On Mon, 2021-06-14 at 15:08 +0200, Paolo Bonzini wrote:
> On 14/06/21 11:51, Maxim Levitsky wrote:
> > On Mon, 2021-06-14 at 09:40 +0200, Vitaly Kuznetsov wrote:
> > > Maxim Levitsky <mlevitsk@xxxxxxxxxx> writes:
> > >
> > > > On Wed, 2021-06-09 at 17:09 +0200, Vitaly Kuznetsov wrote:
> > > > > Changes since v2:
> > > > > - First two patches got merged, rebase.
> > > > > - Use 'enable_apicv = avic = ...' in PATCH1 [Paolo]
> > > > > - Collect R-b tags for PATCH2 [Sean, Max]
> > > > > - Use hv_apicv_update_work() to get out of SRCU lock [Max]
> > > > > - "KVM: x86: Check for pending interrupts when APICv is getting disabled"
> > > > > added.
> > > > >
> > > > > Original description:
> > > > >
> > > > > APICV_INHIBIT_REASON_HYPERV is currently unconditionally forced upon
> > > > > SynIC activation as SynIC's AutoEOI is incompatible with APICv/AVIC. It is,
> > > > > however, possible to track whether the feature was actually used by the
> > > > > guest and only inhibit APICv/AVIC when needed.
> > > > >
> > > > > The series can be tested with the followin hack:
> > > > >
> > > > > diff --git a/arch/x86/kvm/cpuid.c b/arch/x86/kvm/cpuid.c
> > > > > index 9a48f138832d..65a9974f80d9 100644
> > > > > --- a/arch/x86/kvm/cpuid.c
> > > > > +++ b/arch/x86/kvm/cpuid.c
> > > > > @@ -147,6 +147,13 @@ void kvm_update_cpuid_runtime(struct kvm_vcpu *vcpu)
> > > > > vcpu->arch.ia32_misc_enable_msr &
> > > > > MSR_IA32_MISC_ENABLE_MWAIT);
> > > > > }
> > > > > +
> > > > > + /* Dirty hack: force HV_DEPRECATING_AEOI_RECOMMENDED. Not to be merged! */
> > > > > + best = kvm_find_cpuid_entry(vcpu, HYPERV_CPUID_ENLIGHTMENT_INFO, 0);
> > > > > + if (best) {
> > > > > + best->eax &= ~HV_X64_APIC_ACCESS_RECOMMENDED;
> > > > > + best->eax |= HV_DEPRECATING_AEOI_RECOMMENDED;
> > > > > + }
> > > > > }
> > > > > EXPORT_SYMBOL_GPL(kvm_update_cpuid_runtime);
> > > > >
> > > > > Vitaly Kuznetsov (4):
> > > > > KVM: x86: Use common 'enable_apicv' variable for both APICv and AVIC
> > > > > KVM: x86: Drop vendor specific functions for APICv/AVIC enablement
> > > > > KVM: x86: Check for pending interrupts when APICv is getting disabled
> > > > > KVM: x86: hyper-v: Deactivate APICv only when AutoEOI feature is in
> > > > > use
> > > > >
> > > > > arch/x86/include/asm/kvm_host.h | 9 +++++-
> > > > > arch/x86/kvm/hyperv.c | 51 +++++++++++++++++++++++++++++----
> > > > > arch/x86/kvm/svm/avic.c | 14 ++++-----
> > > > > arch/x86/kvm/svm/svm.c | 22 ++++++++------
> > > > > arch/x86/kvm/svm/svm.h | 2 --
> > > > > arch/x86/kvm/vmx/capabilities.h | 1 -
> > > > > arch/x86/kvm/vmx/vmx.c | 2 --
> > > > > arch/x86/kvm/x86.c | 18 ++++++++++--
> > > > > 8 files changed, 86 insertions(+), 33 deletions(-)
> > > > >
> > > >
> > > > Hi!
> > > >
> > > > I hate to say it, but at least one of my VMs doesn't boot amymore
> > > > with avic=1, after the recent updates.
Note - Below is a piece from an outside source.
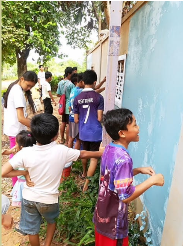
Painted the outside of their home.
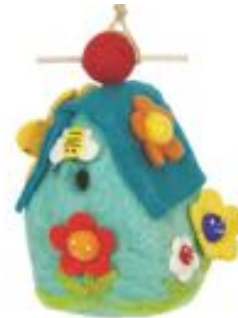
FELT FLOWER HOUSE BIRDHOUSE $32

This hand-felted wool birdhouse is made of sustainably harvested, naturally water repellent wool. Made in Nepal

I'll bisect this soon,
> > > > but this is likely related to this series.
> > > >
> > > > I will also review this series very soon.
> > > >
> > > > When the VM fails, it hangs on the OVMF screen and I see this
> > > > in qemu logs:
> > > >
> > > > KVM: injection failed, MSI lost (Operation not permitted)
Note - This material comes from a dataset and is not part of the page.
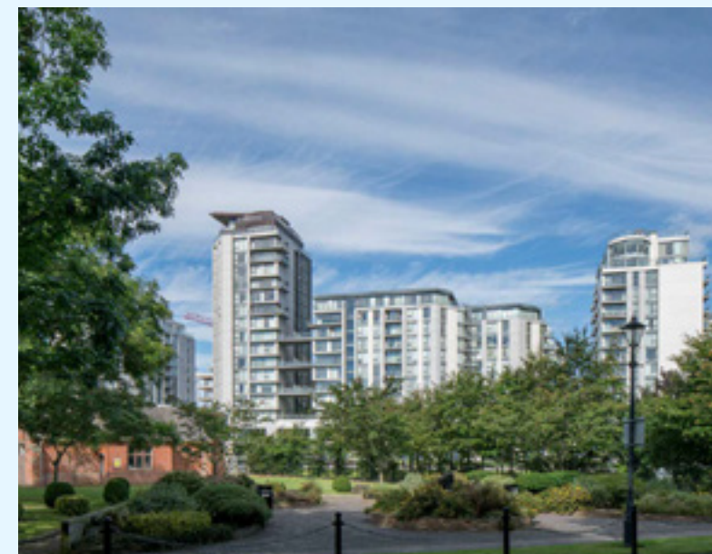
06 VANTAGE SANDYFORD

> > > > KVM: injection failed, MSI lost (Operation not permitted)
> > > > KVM: injection failed, MSI lost (Operation not permitted)
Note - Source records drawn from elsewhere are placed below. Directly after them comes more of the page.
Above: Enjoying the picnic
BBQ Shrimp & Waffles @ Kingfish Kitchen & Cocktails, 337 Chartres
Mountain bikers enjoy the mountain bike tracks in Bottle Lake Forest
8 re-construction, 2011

> > > > KVM: injection failed, MSI lost (Operation not permitted)
> > > > KVM: injection failed, MSI lost (Operation not permitted)
> > > > KVM: injection failed, MSI lost (Operation not permitted)
> > > >
> > >
> > > -EPERM?? Interesting... strace(1) may come handy...
> >
> > Hi Vitaly!
> >
> > I spent all yesterday debugging this and I found out what is going on:
> > (spoiler alert: hacks are bad)
> >
> > The call to kvm_request_apicv_update was moved to a delayed work which is fine at first glance
> > but turns out that we both don't notice that kvm doesn't allow to update the guest
> > memory map from non vcpu thread which is what kvm_request_apicv_update does
> > on AVIC.
> >
> > The memslot update is to switch between regular r/w mapped dummy page
> > which is not really used but doesn't hurt to be there, and between paging entry with
> > reserved bits, used for MMIO, which AVIC sadly needs because it is written in the
> > spec that AVIC's MMIO despite being redirected to the avic_vapic_bar, still needs a valid
> > R/W mapping in the NPT, whose physical address is ignored.
> >
> > So, in avic_update_access_page we have this nice hack:
> >
> > if ((kvm->arch.apic_access_page_done == activate) ||
> > (kvm->mm != current->mm))
> > goto out;
> >
> > So instead of crashing this function just does nothing.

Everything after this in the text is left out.